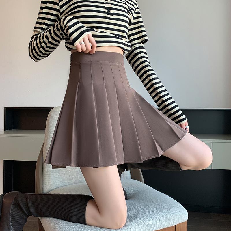 Falda Plisada Caqui Falda de Mujer Falda 2025 Nueva Cintura Alta Adelgazante Pequeña JK Estudiante Falda Línea A
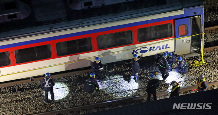 脱線列車の復旧作業に当たるKORAIL作業員たち/ソウル(6/13)
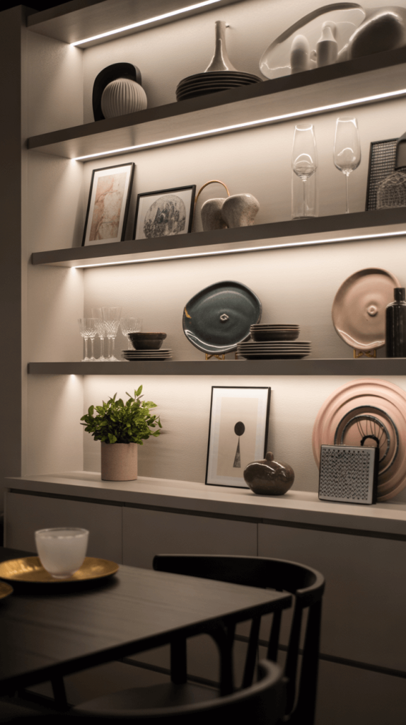 You can display your favorite tableware, glassware, or even some curated artwork on these shelves to add personality to your dining room.
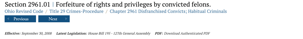 While it is not obvious to the layman 2961.01 (A)(1) spells out that a convicted felon cannot "hold an office of honor, trust, or profit." In legalese speak that means that a felon cannot hold elected office in Ohio. It is unambiguous. Additionally, paragraph (B) of the same section spells out that such a person cannot even circulate their own petition for candidacy.
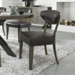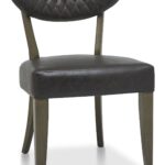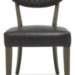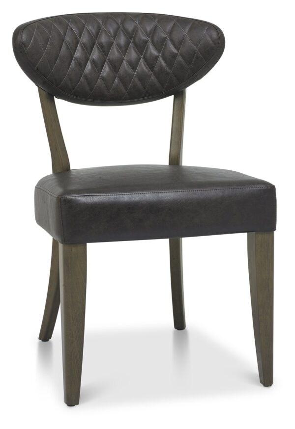 The Ellipse Fumed Oak Dining Chairs are generously proportioned, styled with diamond stitch upholstery in a choice of luxurious old west vintage bonded leather, or a rust velvet fabric and feature plush padded seats, gently flared backs and elegantly tapering legs, imbuing comfort and indulgence.
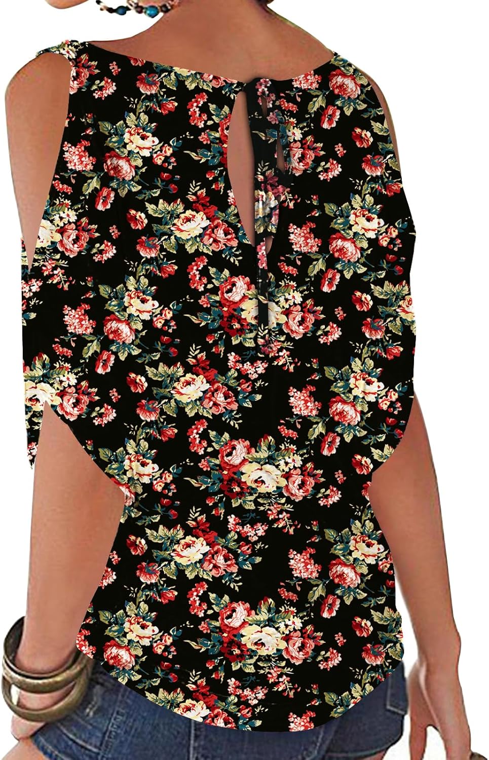 Women’s Cold Shoulder Tops Summer Casual Short Sleeve Blouse Tees
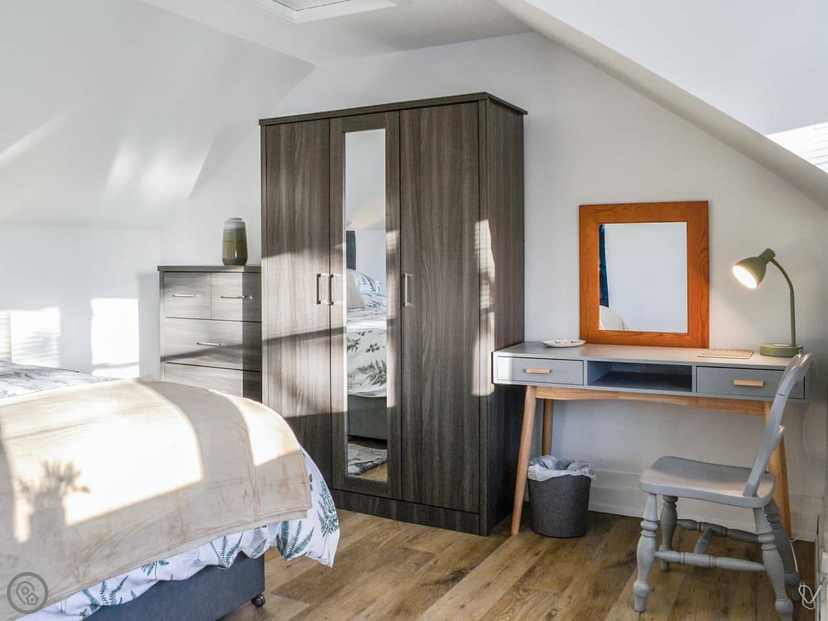 It's for two people. One bedroom with a big bed, and the shower room is right there next to it. It's got a 4 Star rating. We redid the whole place in 2022, so everything's clean and new. It's very warm, even in winter. The main room has a wood burner.
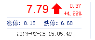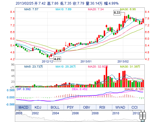 | 最 高: | 7.86 | 成交額: | 2.30億(yi) 元 | 換手率: | 3.38% |

----------------------------------------

-- What to produce --
Please copy out the whole listing exactly as it stands, minus the pictures.

-- Reply --
 Falda Plisada Caqui Falda de Mujer Falda 2025 Nueva Cintura Alta Adelgazante Pequeña JK Estudiante Falda Línea A
 脱線列車の復旧作業に当たるKORAIL作業員たち/ソウル(6/13)
 You can display your favorite tableware, glassware, or even some curated artwork on these shelves to add personality to your dining room.
 While it is not obvious to the layman 2961.01 (A)(1) spells out that a convicted felon cannot "hold an office of honor, trust, or profit." In legalese speak that means that a felon cannot hold elected office in Ohio. It is unambiguous. Additionally, paragraph (B) of the same section spells out that such a person cannot even circulate their own petition for candidacy.
 The Ellipse Fumed Oak Dining Chairs are generously proportioned, styled with diamond stitch upholstery in a choice of luxurious old west vintage bonded leather, or a rust velvet fabric and feature plush padded seats, gently flared backs and elegantly tapering legs, imbuing comfort and indulgence.
 Women’s Cold Shoulder Tops Summer Casual Short Sleeve Blouse Tees
 It's for two people. One bedroom with a big bed, and the shower room is right there next to it. It's got a 4 Star rating. We redid the whole place in 2022, so everything's clean and new. It's very warm, even in winter. The main room has a wood burner.
 | 最 高: | 7.86 | 成交額: | 2.30億(yi) 元 | 換手率: | 3.38% |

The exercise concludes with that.